If I were, you, I would try to check if you can remove some parameters from the model in order to simplify it.
If you really want to keep your solution not too far from the initial point, you can use upper bounds and lower bounds for each variable:
x = lsqcurvefit(fun,x0,xdata,ydata,lb,ub)
defines a set of lower and upper bounds on the design variables in x so that the solution is always in the range lb ≤ x ≤ ub.
Cheers
You state:
I'm trying to compare different fitting models (they are designed for
this purpose). So what I do is I have 5 models with different
parameters and different starting values ( the second part of my code)
and next I have the general curve fitting file.
You will presumably compare the statistics from fits with different models, to see whether reductions in the fitting error are unlikely to be due to chance. You may want to rely on that comparison to pick the model that not only fits your data suitably but is also simplest (which is often referred to as the principle of parsimony).

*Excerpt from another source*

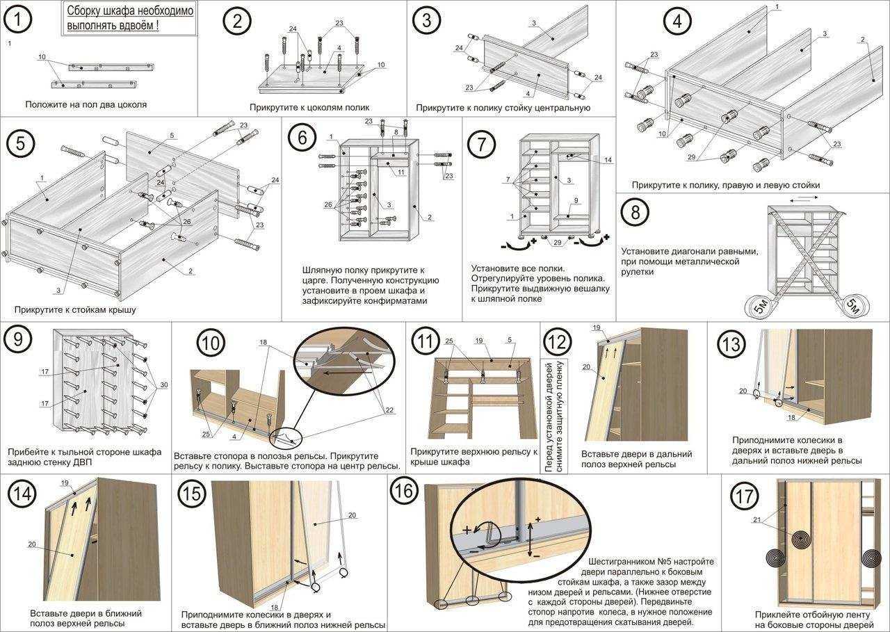 Пошаговая инструкция сборки дверей для шкафа купе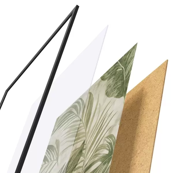 Das Poster besteht aus einem Rahmen, Plexiglas, einem gedruckten Bild und einer Rückwand aus Spanplatten. Dank der Halterungen auf der Rückseite kann das Poster sofort an die Wand gehängt werden.

The problem is really with the model you have shown resulting in correlated parameters and therefore overfitting, as mentioned by #David. Again, this should be resolved when you compare different models and find that some do just as well (statistically speaking) even though they involve fewer parameters.
edit
To drive the point home regarding the problem with the choice of model, here are (1) results of a trial fit using simulated data (2) the correlation matrix of the parameters in graphical form:
Note that absolute values of the correlation close to 1 indicate strongly correlated parameters, which is highly undesirable. Note also that the trend in the data is practically linear over a long portion of the dataset, which implies that 2 parameters might suffice over that stretch, so using 8 parameters to describe it seems like overkill.